Calm and consistent and sticking to your word is key, I now have an really well behaved 7 year old but wow as a 3 year old he was hard work. Many times we left places and he lost toys etc, but plenty of praise when being good and sticking to my guns has paid off. Just had baby number 2 so am dreading going through that stage again but it will be ok. Parenting is hard, it will get easier

Coastalcommand · 23/11/2017 20:20

It's harder with more than one I realise, but so many adults seem to have no focus on what the children are doing - even just one child. Last week I saw one boy hitting another repeatedly with a small wooden mallet. It was a toy, but looked like it hurt!
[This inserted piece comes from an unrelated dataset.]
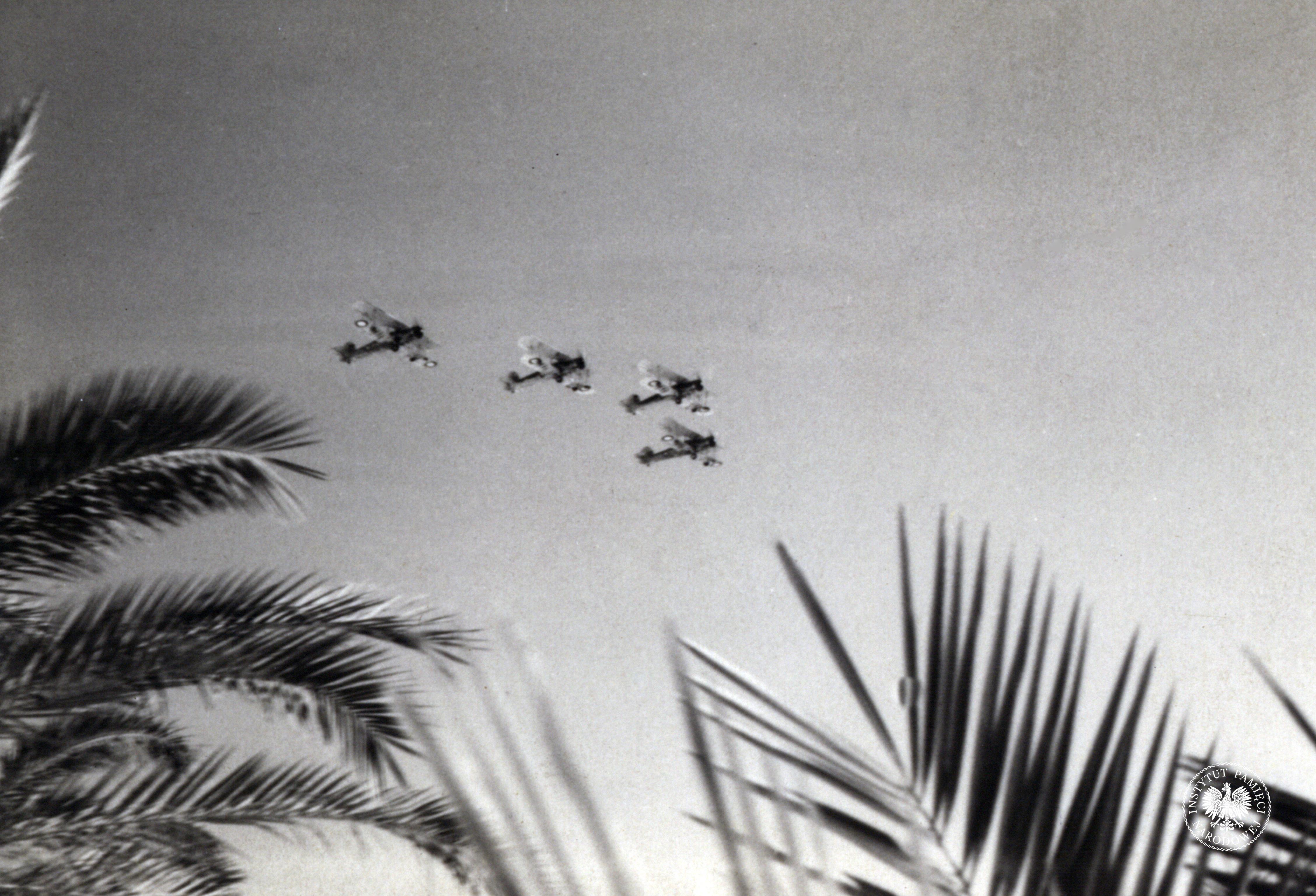 Brytyjskie samoloty dwupłatowe nad Aleksandrią w grudniu 1940 r. Na rewersie odręczna notatka: „R.A.F na spacerze” (IPN Ka 454/107, t. 1) -

Both were being looked after by grandparents who were merrily chatting away over cups of tea in the kitchen of the church hall, completely oblivious.

HerbsAndStewedRabbit · 23/11/2017 20:21

I had THAT child at playgroups! Much better now though at nearly 4. I took to buying a treat before group and leaving it in the car and saying if you behave at group and sit down for the songs etc you get the treat. It worked for the most part.
Even now if we are going somewhere and I predict there being any issues (ours are mainly with sitting down) e.g. If we were going for a meal that was going to be a few courses, I would preempt the situation and buy some chocolate and say you can have it if you stay in your seat the whole time. I know it's not really the done thing on here to bribe but it definitely works for us. I'm having to use it less and less as he gets more reasonable too.
So basically do what you have to do to manage each day because as they mature they do become more reasonable. My DS is really good most of the time now just because he likes to be a good boy. Also loads and loads of praise for even the slightest improvement in behaviour. He thrives on that.